Thursday, June 3, 2010

West Papua Report - June 2010

This is the 73rd in a series of monthly reports that focus on developments affecting Papuans. This series is produced by the non-profit West Papua Advocacy Team (WPAT) drawing on media accounts, other NGO assessments, and analysis and reporting from sources within West Papua. This report is co-published with the East Timor and Indonesia Action Network (ETAN) Back issues are posted online at http://etan.org/issues/wpapua/default.htm

Summary
The West Papua Advocacy Team editorially notes that Papuans are welcoming the June visit of President Obama to Indonesia with the hope that the administration will seek to build a new U.S.-Indonesian relationship not based on military and commercial interests but rather founded on common respect for human rights and democracy. That hope fuels Papuan beliefs that such a transformation in the U.S. perspective could bring about fundamental change in their plight, an increasingly desperate situation in which the U.S. is historically complicit. 


A military ultimatum to a rebel leader in the Papuan central highlands and thus far small scale military operations there are raising fears of a massive "sweeping operation" when the ultimatum expires in June. Initial reports indicate that operations may have begun ramping up at the end of May. In the past such operations have uprooted thousands of civilians and led to many civilian deaths.

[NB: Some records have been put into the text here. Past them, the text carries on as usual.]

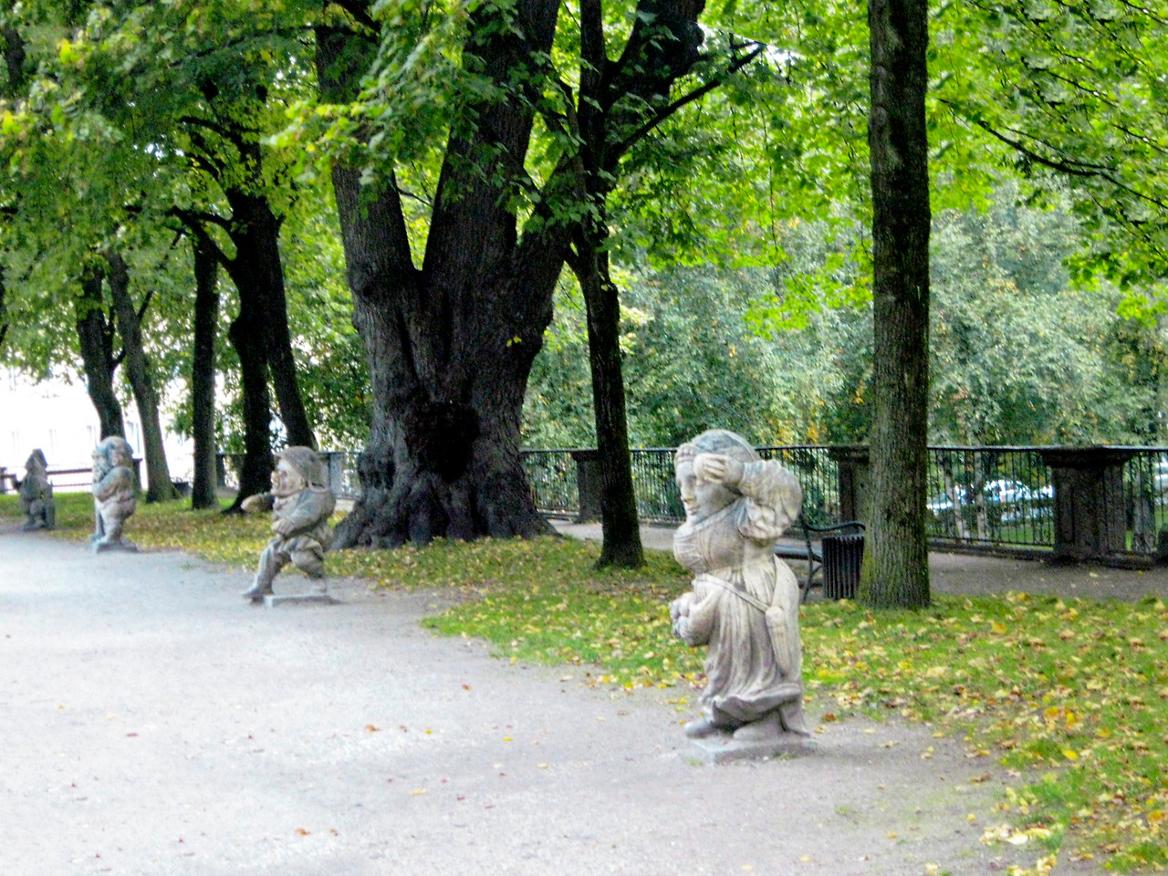 기하학적으로 가꾸어진 아름다운 정원과 그리스 신화의 내용에 따른 분수와 많은 조각상들을 찬찬히 들여다본다.
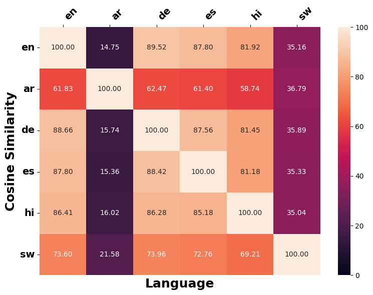 We identify six overlapping languages between the XNLI and SIB200 datasets: English, Arabic, German, Spanish, Hindi, and Swahili. These languages are representative of their typological diversity, spanning a spectrum from widely spoken to low-resource languages and encompassing a variety of scripts.
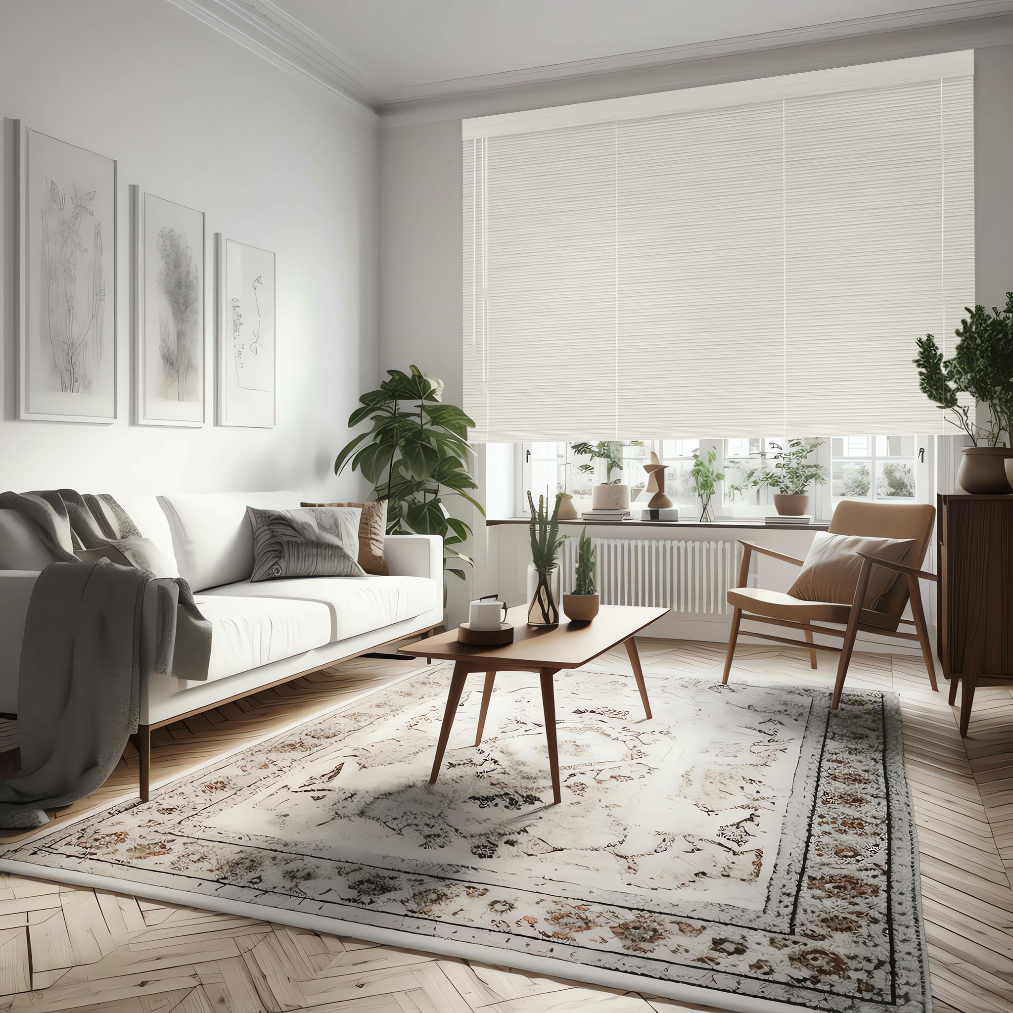 zaluzje drewniane biale z zaslonami w pokoju goscinnym
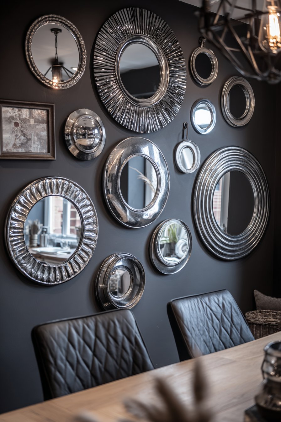 Mirror gallery walls offer unique opportunities to enhance light, expand perceived space, and create focal points with sculptural dimension. This design features various vintage and modern mirrors in mixed metal finishes—brass, silver, bronze, and black—arranged in an eclectic composition that functions as wall art while serving the practical purpose of reflecting light throughout the space. The deep charcoal wall color provides dramatic backdrop that makes the metallic frames pop while creating sophisticated depth.
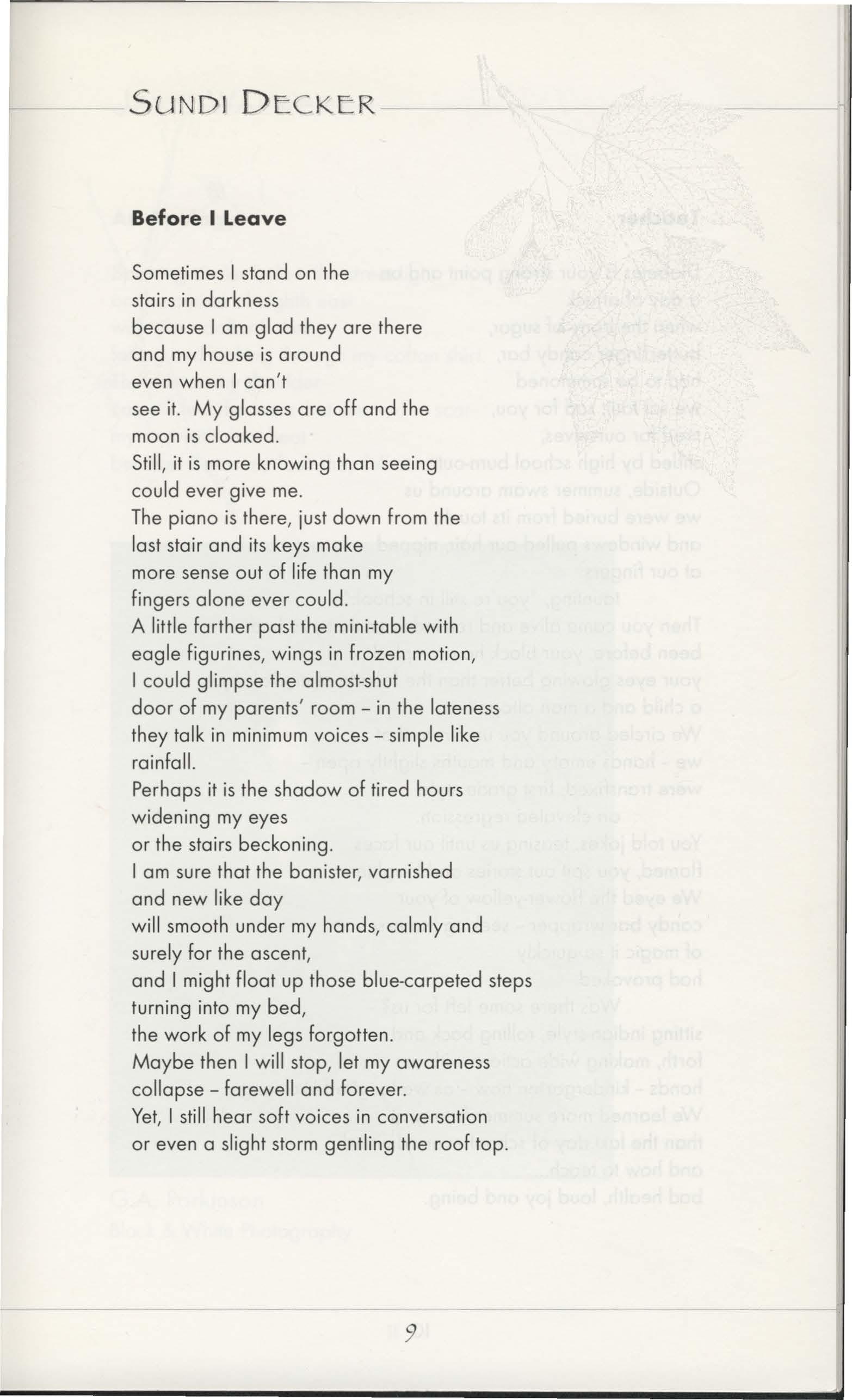 I om sure that the banister, varnished and new like day will smooth under my hands, calmly and surely for the ascent, and I might float up those blue-carpeted steps turning into my bed, the work of my legs forgotten. Maybe then I will stop, let my awareness collapse farewell and forever. Yet, I still hear soft voices in conversation or even a slight storm gentling the roof top.
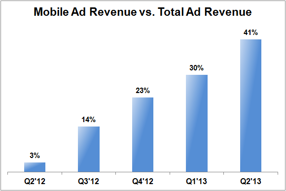 As I'm sure you've heard by now, Facebook turned the threat of mobile devices cannibalizing its desktop business into a massive opportunity in just five quarters. During this time, Facebook's mobile advertising revenue grew from 3% of total advertising revenue to 41%. Not only does this speak to management's ability to react swiftly to changes in user behavior, it demonstrates the often difficult-to-measure value of its incredible "can-do" culture.
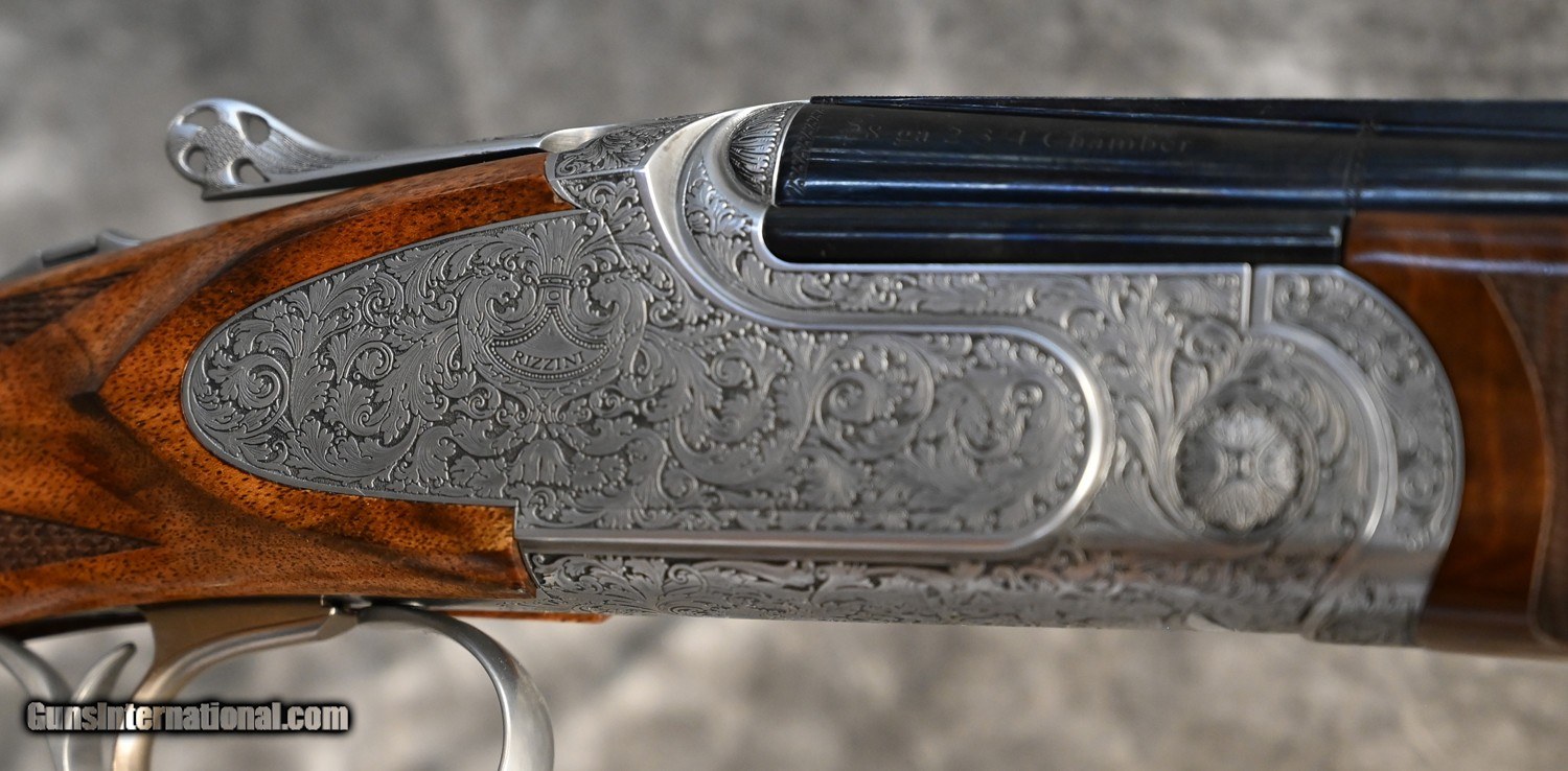 Description: New Rizzini S-2000 Sporting Baby Frame Side-Plate 28GA with 30" factory extended Spectrum choke tubed barrels, flat tapered rib. Coin finished side-plate action with full coverage scroll engraving, factory scaled 28GA action with single, selective trigger. Factory adj. comb sporting stock with right-hand palmswell and fully checkered round forearm. Includes factory case, chokes and tools. SOLD Shotgun Gauge: 28 Gauge |
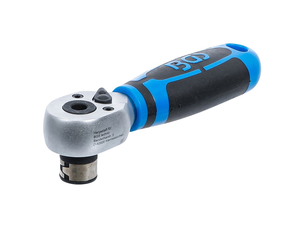 Kompaktná račňa na použitie so stopkami bitov. Chod sa prepína vľavo-vpravo pomocou páčky v hlave nástroja.
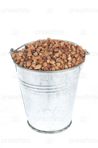 Полное ведро гречневой крупы на белом фоне
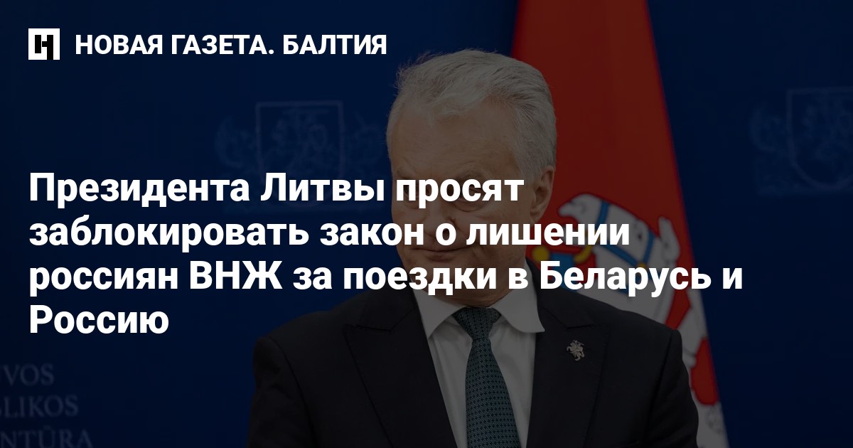 В Литве начали собирать подписи под петицией к президенту Гитанасу Науседе с просьбой наложить вето на закон, позволяющий лишать граждан России видов на жительство за поездки в Россию и Беларусь чаще одного раза в три месяца.
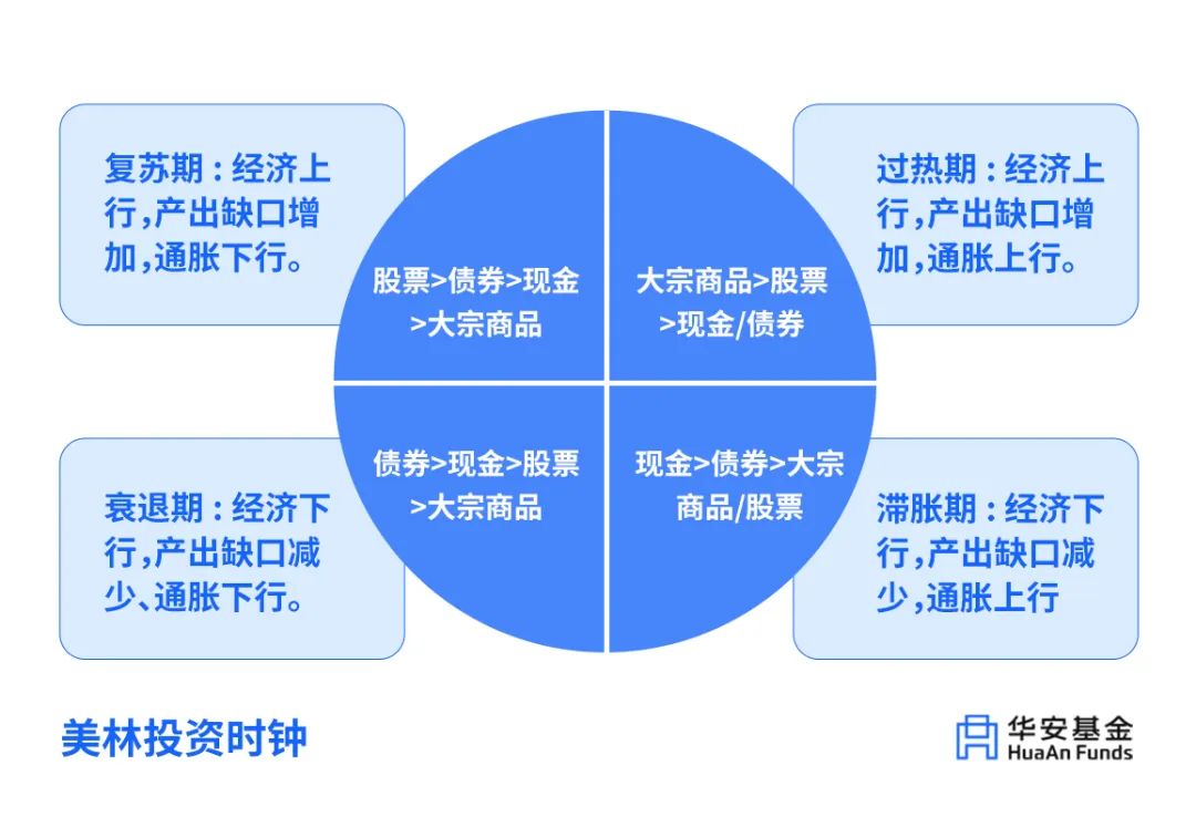 面对变化的市场,可以参考“美林投资时钟”来配置资产,基于经济周期来调整自己的投资组合,利用不同资产的表现差异,来帮助我们增厚收益。
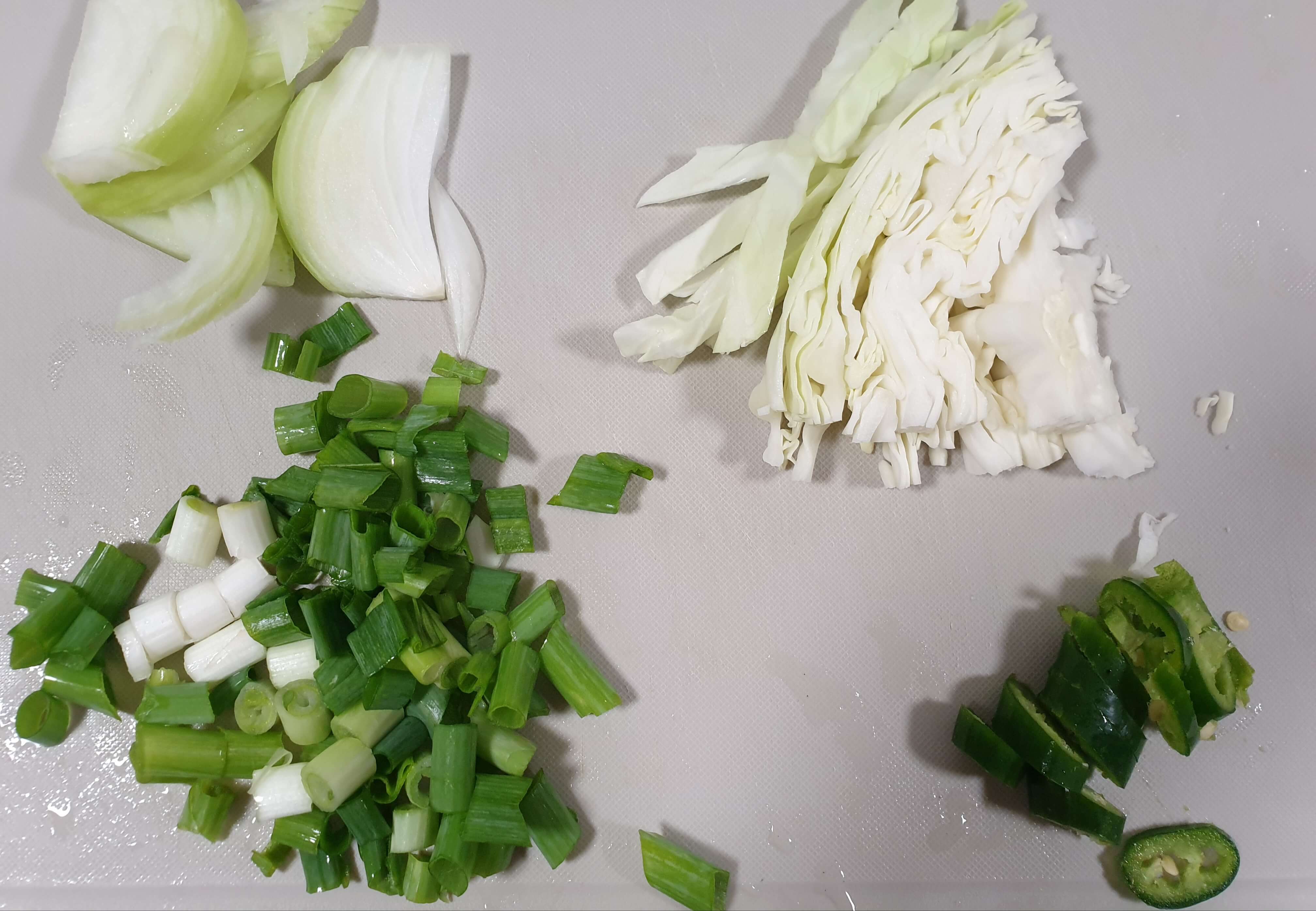 썰어놓은 양배추와 양파를 볶아 주세요.
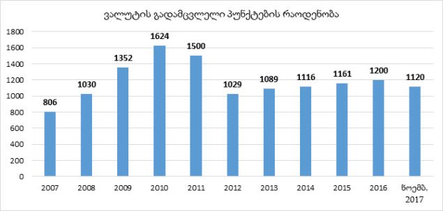 ვალუტის გადამცვლელი პუნქტების რაოდენობა 2005 წელთან შედარებით გაორმაგებულია, თუმცა, მაქსიმუმს 1 624-ს 2010 წელს აღწევდა. 2010-დან 2012 წლამდე კლების ტენდენცია ჰქონდა, 2013 წლიდან 2016 წლამდე კი გადამცვლელი პუნქტების რაოდენობა მატულობდა.
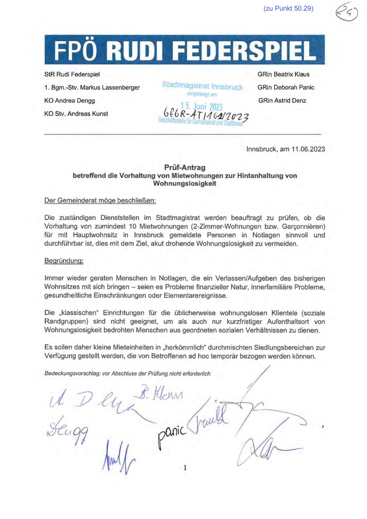 Die zuständigen Dienststellen im Stadtmagistrat werden beauftragt zu prüfen, ob die

Leading U.S. legislators have strongly cautioned the U.S. administration against resuming training and other assistance to the Indonesian Special Forces (Kopassus). Those forces are among the most prominent violators of human rights, especially in West Papua. Also in the U.S. Congress, Congressman Patrick Kennedy has launched a resolution in the U.S. Congress which expresses the sense of the House of Representatives regarding the human crisis facing Papuans. The resolution, now gaining support in the U.S. House of Representatives, calls on the Government of Indonesia to address human rights concerns, including the abuse of detainees.


An editorial by a senior official in Human Rights Watch has again called attention to extraordinary abuse of prisoners in West Papua and decried the unaccountability of the abusers. Indonesian authorities have again prevented international journalists from documenting peaceful civil dissent in West Papua. An Amnesty International report is strongly critical of the Indonesian government's continued repression of dissent noting in particular the use of torture against peaceful demonstrators. The Indonesian government is moving forward with plans for a massive "food estate" in the Merauke area of West Papua. The plan has drawn strong criticism from Papuan and international observers concerned that the government-organized in-migration of very large numbers of non-Papuans to work in the estate will further marginalize Papuans, amounting to what could be described as creeping genocide. Environmentalists have also voiced concern about the destruction of vast stretches of forest and peatland which will significantly increase carbon emissions.